Weaponizing Open Source
Often, the risks and complexities of running unvetted code - especially in the open-source world - are overlooked or underestimated. This research highlights the potential consequences of blindly integrating external code into your system, emphasizing the importance of Supply Chain Security.
Scenario: You have a goal. You need to ensure the resources in your development pipelines are being configured according to your policy. You find a GitHub project that does exactly what you need. This project is a fork of the widely used Checkov project, which you already use anyway, but adds some useful custom checks.
We explore how the open source tool Checkov, along with Python and Git, can be combined to exfiltrate data covertly. Particularly relevant after the discovery of the XZ Utils backdoor.
Disclaimer
Open source is incredible. The contributions from open source developers, who voluntarily maintain widely used projects, provide immense benefits to the community. This post is not intended to detract from the value of their work, but rather to emphasise the importance of understanding the potential risks involved when integrating external code into your system.
Checkov 101
Checkov is often integrated into build pipelines (in a CI/CD system) and can also be run locally. It is packed as a command line tool that runs a series of checks against the resources targeted by the scan. Example:
Focusing on what happens when we are specifying extra custom checks in Checkov, we can either:
- Specify a directory with the extra checks' code:
checkov --directory *path/to/resources* --external-checks-dir *path/to/custom/checks*
- Specify a Git repo that contains the extra checks' code.
checkov --directory *path/to/resources* --external-checks-git *customchecks_giturl*
Whichever the way chosen, Checkov checks are really just running code, and Python-based custom checks, are really just running custom Python code.
Going back to the original scenario. You are almost achieving your goal of ensuring that all your resources are configured according to custom checks, and this is enabled by the (free!) custom extra checks you found. Great win. What can go wrong?
Data Exfiltration with Python and Git
When running Checkov checks (custom or not), you are running code, in your environment, with all the permissions the user runinng it has. This is a great foothold into your environment.
- We have (almost arbitrary) command execution with Python
- We can leverage tools such as Git to in/exfiltrate data
To illustrate this, we have exploit code for:
-
A proof of concept CKV_COOL_MALI_CHECK that creates a user, generates files, runs bash commands, and installs an OpenSSH server on the machine running Checkov. This allows remote connections using the new user. While this requires sudo privileges and firewall rules might complicate access, the potential for misuse is significant, especially regarding filesystem integrity.
-
A proof of concept CKV_COOL_MALI_2_CHECK to silently exfiltrate data with Python and Git:
-
Clones a remote repository (git clone)
- Creates a new branch* (git checkout)
- Creates a file with data about the system in the cloned repo directory (keep it simple for PoC, endless opportunities)

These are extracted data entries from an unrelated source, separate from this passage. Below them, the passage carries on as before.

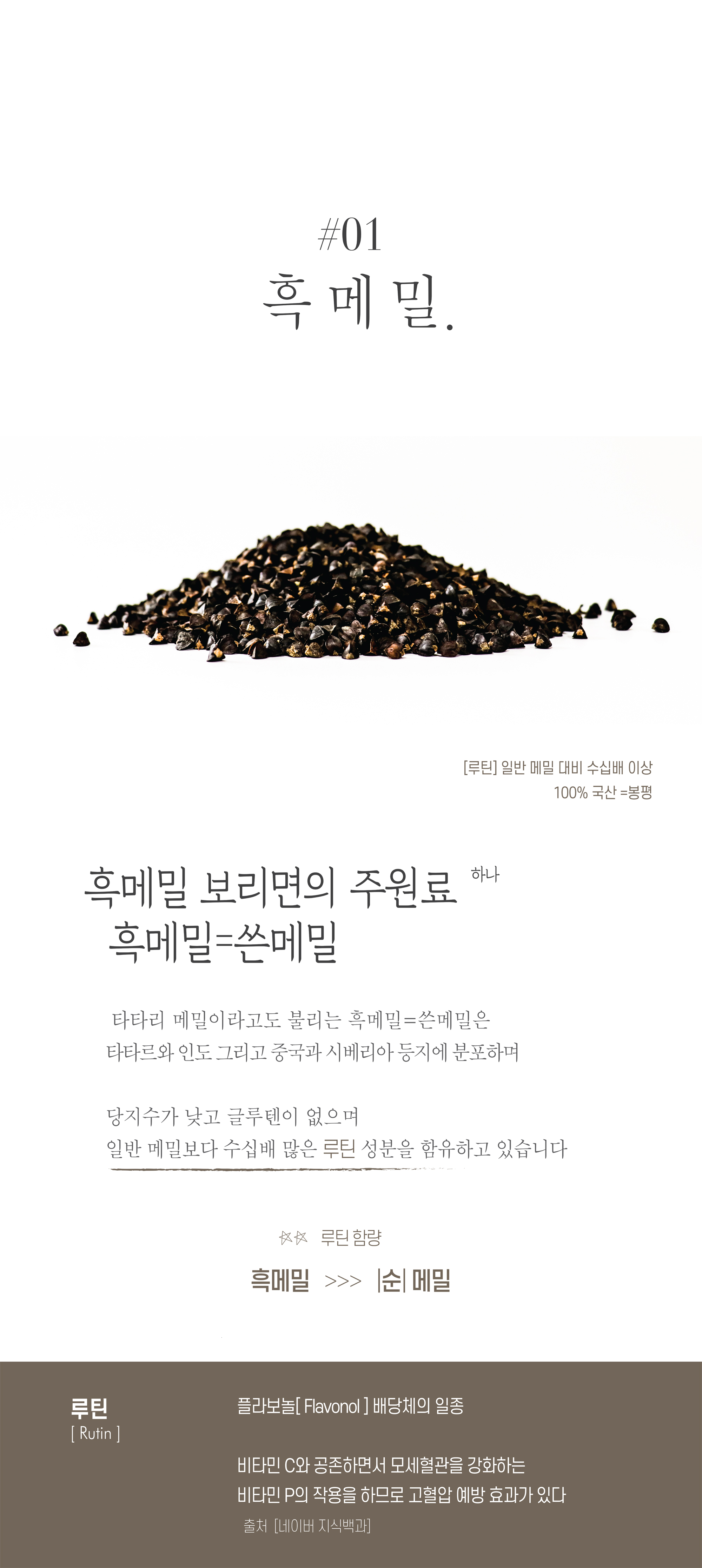 일반 메밀 대비 루틴 함량이 수십 배 많은 흑메밀을 주원료로 사용하였습니다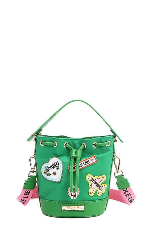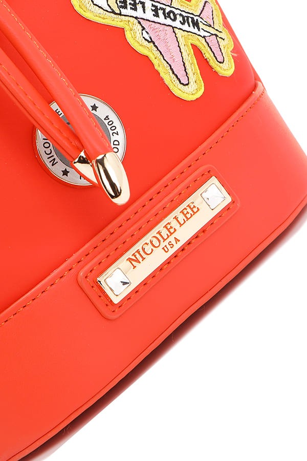 This vibrant red bucket-style crossbody bag features a fashion drawstring closure and eye-catching decorative patches including cartoon characters and colorful accents. Made from durable synthetic leather material with gold-tone hardware, it offers adjustable crossbody wear for hands-free convenience. The compact design is perfect for carrying daily essentials while making a bold fashion statement with its playful patch details and street-style aesthetic.
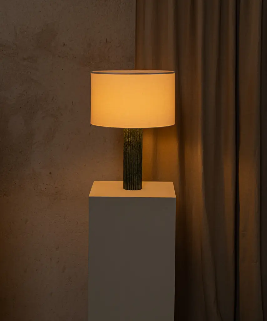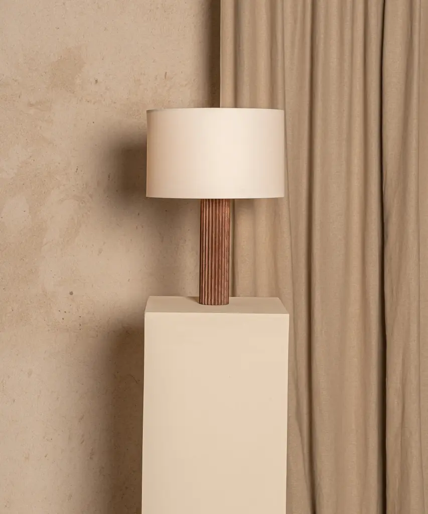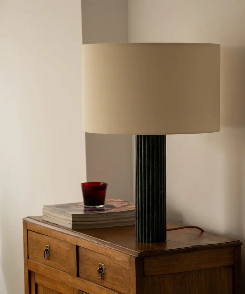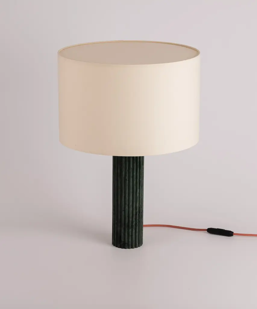 A finely ribbed column and Simone & Marcel's signature cotton drum lampshade make the Fluta table lamp an exceptional and timeless piece. A selection of natural marble and solid wood to choose from for your interior. Each Simone & Marcel lighting fixture is hand-made to order in the designers' studio located in rural Spain. Every product uses only materials and components sourced from local suppliers, all within a short drive of their workshop - an abandoned agricultural warehouse that the couple renovated themselves.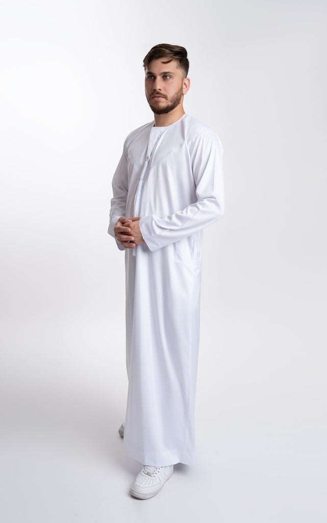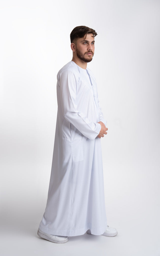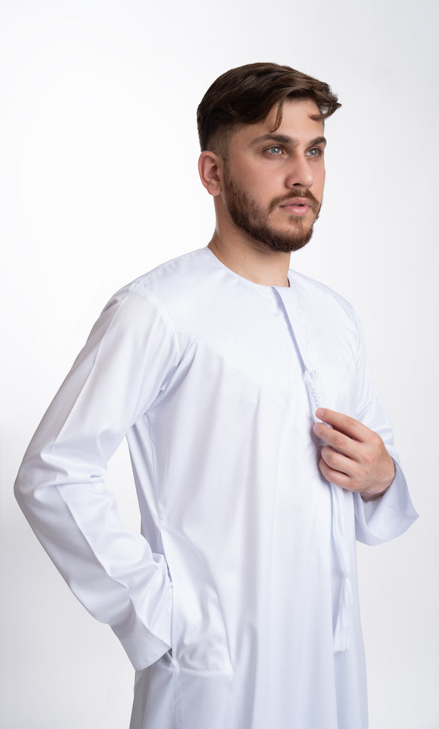 Experience the craftsmanship of the Middle East wearing our exclusive White Emirati Thobe. Hand made in the UAE with luxurious Vietnamese polyester, this traditional thobe offers a round collar, removable tassle, and a zip chest with a silk-like feel and pure white colour. Step out in style and opulence.
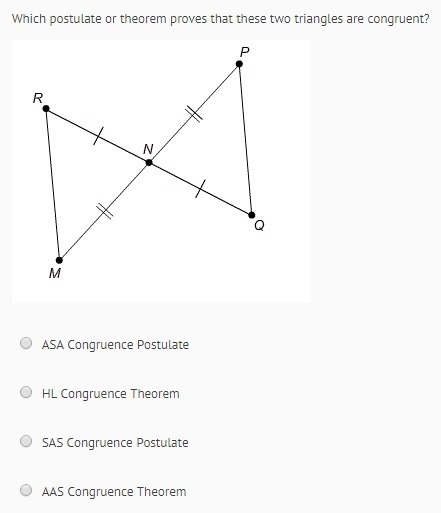 SAS. Sides because PN and MN are congruent as well as RN and QN. Since angle PNQ and angle MNR are vertical angles they are also congruent.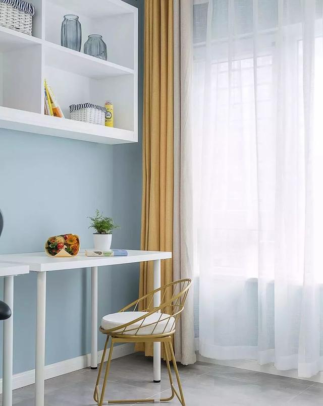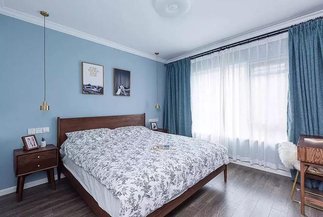 次卧是延续了主体的蓝色作为主色调,而且在小清新的蓝白搭配之中,选择了深木色的家具,让卧室更加的沉稳。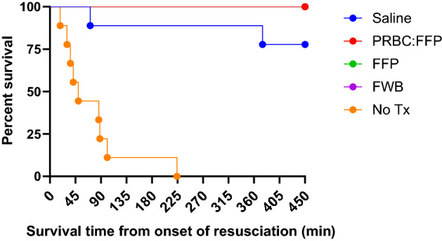 Results: Survival time was significantly shorter for Group 1 compared to the other groups (P < 0.05). Despite the same triggers for resuscitation when compared to blood/blood components, saline was associated with a shorter survival time (P = 0.145), greater pathophysiological burden and significantly greater resuscitation fluid volume (P < 0.0001).
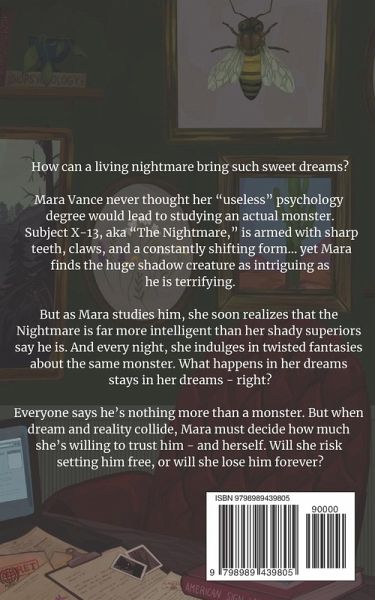 How can a living nightmare bring such sweet dreams? Mara Vance never thought her "useless" psychology degree would lead to studying an actual monster. Subject X-13, aka "The Nightmare," is armed with sharp teeth, claws, and a constantly shifting form... yet Mara finds the huge shadow creature as intriguing as he is terrifying. But as Mara studies him, she soon realizes that the Nightmare is far more intelligent than her shady superiors say he is. And every night, she indulges in twisted fantasies about the same monster. What happens in her dreams stays in her dreams - right? Everyone says he's nothing more than a monster. But when dream and reality collide, Mara must decide how much she's willing to trust him - and herself. Will she risk setting him free, or will she lose him forever?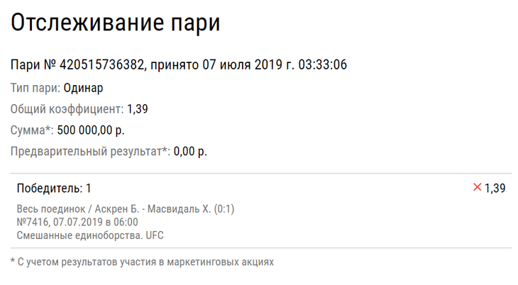 Тем не менее игроки, поставившие на Масвидаля, смогли получить неплохие выигрыши. Так, один из клиентов букмекера поставил ₽12 тыс. на экспресс из трех поединков UFC 239. Игрок разместил ставки на досрочные победы в поединках Аскрен — Масвидаль, Рокхолд — Блахович и Нуньес — Холм.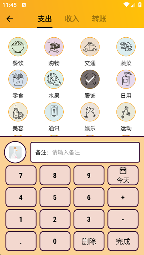 4、含有记账分类服务,可根据消费的类型选择性进行记账。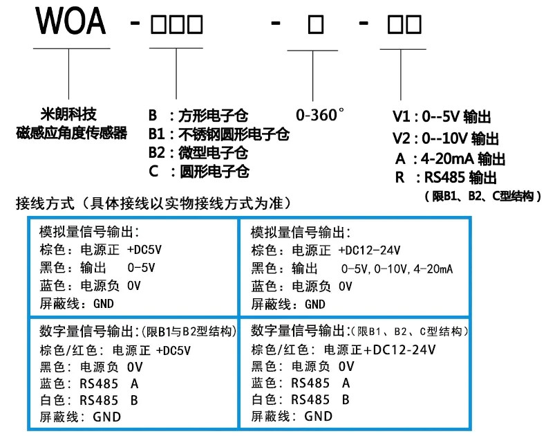 WOA-B2微型磁感應角度傳感器選型指導與接線方式: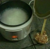 先煮粥,把米洗三遍,加水加至八成满,用电饭锅做的时候记得盖子不要盖紧,要用一根筷子横在锅上面,稍微留一些缝隙,不然会溢出来的。

- Commits file to the .git tree (git add & commit)
- Pushes to the Git repo (git push)
- Deletes traces of its activity (shutil.rmtree)
Conclusion
The sky is the limit here. With or without root privileges, you can leave a mark. My advice is not to run extra checks unless the code has been reviewed and tested by yourself (you do have to do the work, the "it's fine, open source means it's safe because everyone can check it" solution has been proven NOT to work).
This caution applies to any tool where the source code has not been scrutinized. It's not just Checkov, nor is it just Checkov custom checks.
Actions
-
Reached out to Palo Alto through their security reports page.
-
Checkov documentation has been updated.
Related Work & Stories
This research was triggered when developing custom policies to help with metadata guardrails for container images and CSP infrastructure (labels, tags, annotations, etc). Metadata becomes more complex than expected when you consider the semantics used by different providers, the asset types and the lack of maturity of tools in this space. A starter-for-ten is available on pac-on-rails.